This might be a slightly different take on NIAW’s phrase for 2015, but for those of you feeling left behind in the trenches of infertility, please remember that YOU ARE NOT ALONE!
I think this was the most painful part of infertility for me.
I started blogging after a year of trying and a few clomid cycles and couldn’t believe my luck in finding such a great infertility blogging community, thanks to Izzy. I connected with several bloggers immediately and found a good number of infertility-besties. They were already IF veterans so they provided so much good advice and lessons as I started getting to a more desperate place in my journey.
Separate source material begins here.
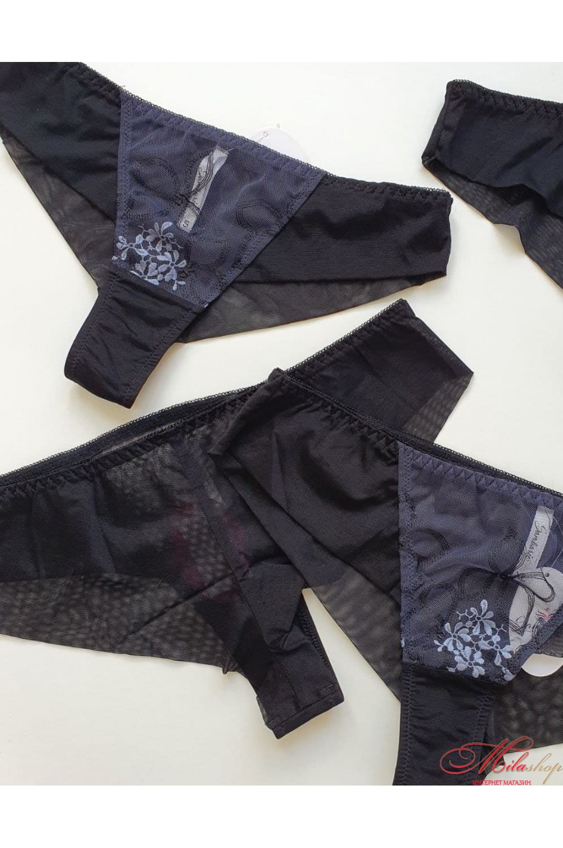 Трусики-бразиліана із мікросітки з вишивкою. Середня лінія талії підкреслює сідниці. Бавовняна гігієнічна ластівка.
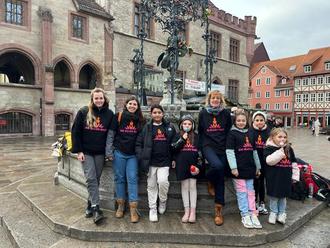 Mädchengruppe aus Rosdorf tanzt auf dem Gänseliesel in Göttingen

And slowly, but surely, each one of them got pregnant and had babies, except for 3. My reader became so full of pregnancy updates and birth stories that I struggled with opening it. I put a filter on my email to have all blog posts sent to a separate folder because even my email was full of those posts.
And I took several breaks from blogging. I mean, all I could do was whine about trying and losses while everyone else (or so it seemed at the time) began their families. And that is what pushed me into a short depression. I refused to talk to most of my family, friends, and coworkers. I was angry, bitter, lost, and hopeless. Yes, they all had begun their journeys long before mine and had been in my exact place before, but nothing could console me.
I was left behind and all alone.
But I wasn’t really. I just didn’t know it.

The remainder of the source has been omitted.